Wednesday, October 17, 2007

Florida Panthers at Toronto Maple Leafs: Hockey Game and Public Execution

Leafs logoI wouldn't want to be Bryan McCabe heading into the Leafs' Thursday night game against the Florida Panthers in Toronto. Well, OK, the 86, 000 plus dollars he will pocket for the match-up (at the 7.1 million he will earn this season in the front-loaded contract that averages 5.75 million per year, divided by 82 games) would make it more than tolerable.

But it's still going to be a gut churning affair for the Leafs' defenseman. McCabe has been abysmal this season and things got a whole lot worse when he scored into the Leafs' net in a 5-4 overtime loss to the Buffalo Sabres on Tuesday. It was a performance in which he otherwise made relatively few mistakes in comparison to the blunder-fests of previous games.

Toronto fans have been relentlessly raining down abuse to let the highest paid player on the team know that he has to improve. The only other possible aim of the boo-boons is to pressure McCabe to waive his no-trade clause and hope the Buds can pawn him off on another team willing to take a chance. Players rebounding with different team-mates who complement the new arrival and elicit dormant skills is certainly not unheard of.

The huge salary plus no-trade clause for McCabe is the prime example that highlights why John Ferguson Jr. is rarely praised as being a shrewd operator. The fact that there are more than a few contracts with no movement provisions on the team is a hard one to fathom. It's perplexing that the person in charge of an NHL team would strip away his own power by so casually removing his ability to trade a player in the future.

No doubt many players and their agents now head into negotiations asking for no-trade clauses. But I find it hard to believe that such demands are deal breakers if not acceded to by team management. Eliminating your own options and giving unnecessary leverage to players is just not astute or forward thinking.

It adds credence to the claims that Ferguson is unqualified, inexperienced and soon to be unemployed. It's been a difficult year for Toronto's GM and he has probably questioned his own abilities at times. Perhaps Ferguson's unlikely hiring has led him to subconsciously want to reward players beyond their abilities. In the process convincing himself that they will overachieve as he must at times also believe about himself, lest he self-destruct. Or maybe it's far simpler than that. Maybe it's done in the naive hope that it will make the players like him because of his generosity and thus try harder.

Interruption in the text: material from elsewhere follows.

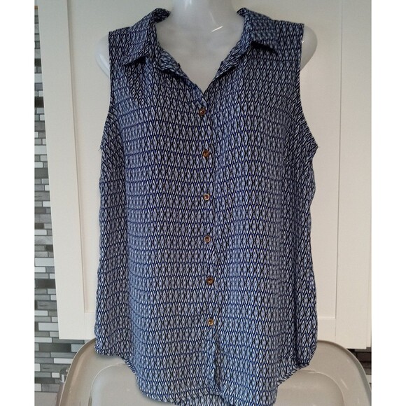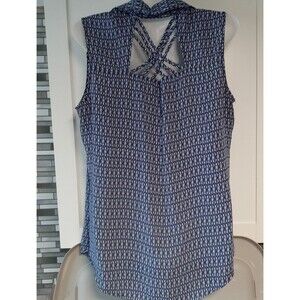 Zac & Rachel blue Button strappy Back Sleeveless Collared Blouse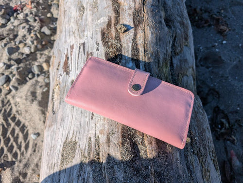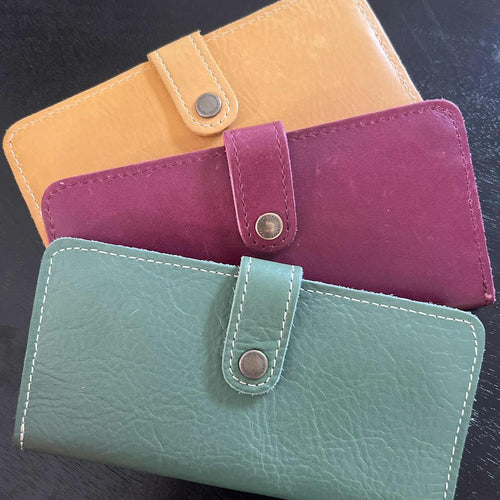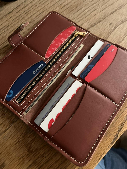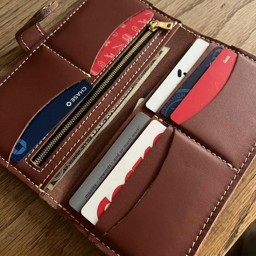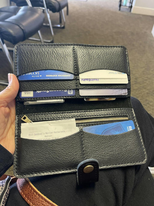 • Features a secure snap closure with 8 card slots and a zippered interior pocket

But, just like with the morbidly obese contracts awarded to certain players, it's hard to fault the person on the receiving end of a job offer that he is unqualified for. In both examples, incompetence has introduced factors into the story which otherwise wouldn't be so important. Aspects that have been unfairly amplified and focused on simply because someone further up the chain blundered ahead with no concern for perception or long-term goals. The bottomless pit of billions at the disposal of the Leafs organization can't help in such situations either. If things fall apart, just start over with no concern for taking a financial hit.

For McCabe, his salary is what everyone mentions first and what justifies for so many the ruthless nature of the personal insults. And for Ferguson, the fact that he wasn't ready to take on such a big responsibility. A decision which has ruined his development as a general manager. When he is eventually sacked by the Leafs, it will be a long time in coming, if ever, that he gets another shot at running a big league club.

The two issues are directly related, as without the unwise hiring of Ferguson, the McCabe contract never would have become a reality. And so their fates are similarly intertwined.

The looming on-ice massacre by a million boos is the kind of story that even the casual fan can get his head around. This is not a media generated narrative. It resonates and transcends the interest of hard-core followers and has taken on a nasty life of its own. McCabe is one of those players well-liked in the dressing room and even by some reporters (despite the piling on and recent headlines), so there is more than a bit of sympathy for him.

If things continue to decline and he is traded, those who participated in the repeated verbal assaults will know that their efforts got to him in a personal way and succeeded. For he will be the one that has to request or agree to such a trade. If, on the other hand, McCabe pulls out his best performance of the year, he will briefly silence his detractors and just may be able to use it as a turning point.